Exporting created images as .pdf, used data as .csv? #29

Closed ute-hoffmann closed 7 months ago

ute-hoffmann commented 7 months ago

Description of feature

It would be amazing if count_summary.Rmd would export the created files (e.g. the correlation file or the PCA) as .pdf, so that they can be used to create Figures for a manuscript. Also, it would be nice to get the correlation matrix as separate .tsv/csv file. When a large data set with many different samples is analyzed, it is pretty difficult to read the depicted correlation plot & PCA in the created .html.

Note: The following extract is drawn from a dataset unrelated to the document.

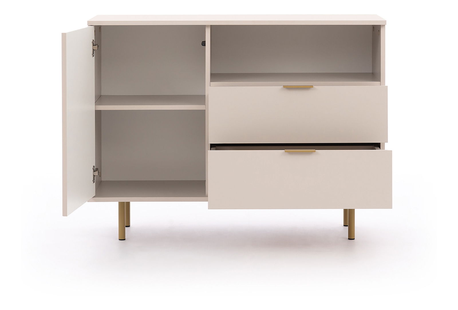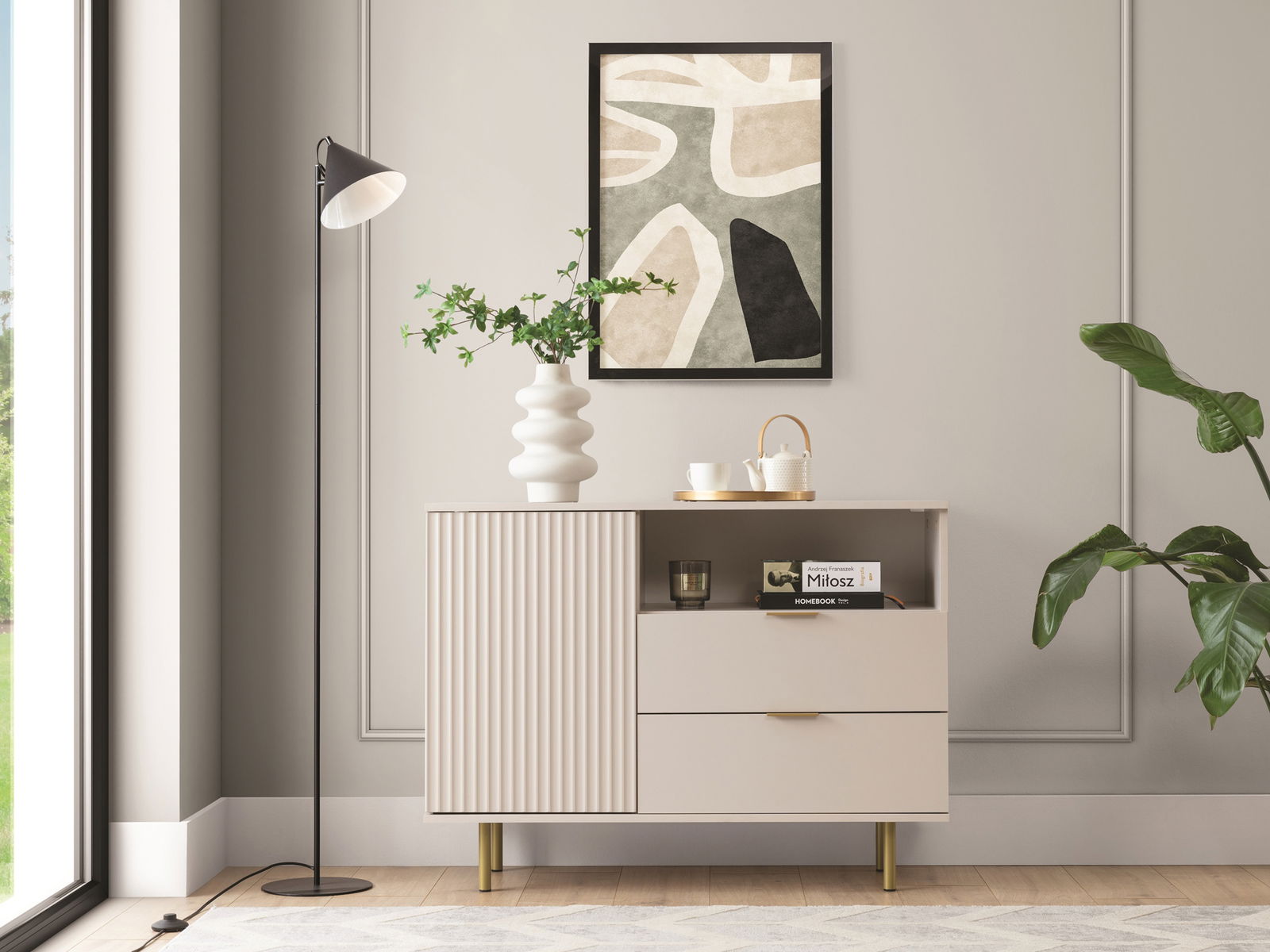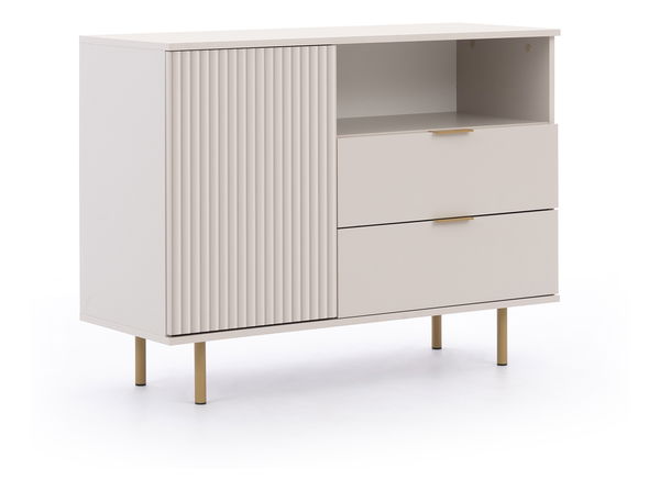 ZobrazitKomoda Nalani K1D2SZ (kašmírová) je moderní a elegantní kus nábytku, který se skvěle hodí do každého interiéru. Je vyrobena z 16 mm silné dřevotřísky a má posílenou zadní stranu s 3 mm HDF deskou. Komoda je odolná proti poškrábání díky ABS hraně a má dlouhou životnost. Frézovaná dvířka bez úchytu dodávají nábytku minimalistický vzhled. Komoda má nožičky s elegantní zlatou barvou a výškou 15 cm, což usnadňuje čištění pod komodou. Kovové úchytky ve zlaté barvě se skládají s nožičkami. Systém otevírání dveří „push to open“ umožňuje snadné otevírání bez úchytu. Zásuvky jsou vybaveny vodítky pro tiché a hladké zavírání. Komoda má jedny dvířka, dvě zásuvky a jednu poličku, plus jednu otevřenou poličku nad zásuvkami. Nabízí dostatek úložného prostoru a možnost efektivního uspořádání věcí.

m-jahn commented 7 months ago

yes that's very simple to do. can def be added as soon as I find time

ute-hoffmann commented 7 months ago

If you're okay with it, I'd try to add it as soon as the issues with the plotting are resolved, I already have an idea.

ute-hoffmann commented 7 months ago

@m-jahn - I tried to implement what I wanted/needed in the .Rmd script (see commit in fork), but did not manage to adjust the Nextflow pipeline/modules in a way that the output files are saved in the correct output directory. They are saved in the work directories, though. I am pretty sure that this thread gives the answer, but am not able to implement this.

m-jahn commented 7 months ago

I can have a look at that but I will anyway update the entire pipeline to the latest nextflow version and modules. So this might be incompatible with your local commit.

m-jahn commented 7 months ago

@ute-hoffmann I made a major update to the pipeline, now it runs all fitness analysis and R markdown notebooks in its own singularity container. Should solve all troubles with missing local R packages, wrong versions etc. I will look into this issue now.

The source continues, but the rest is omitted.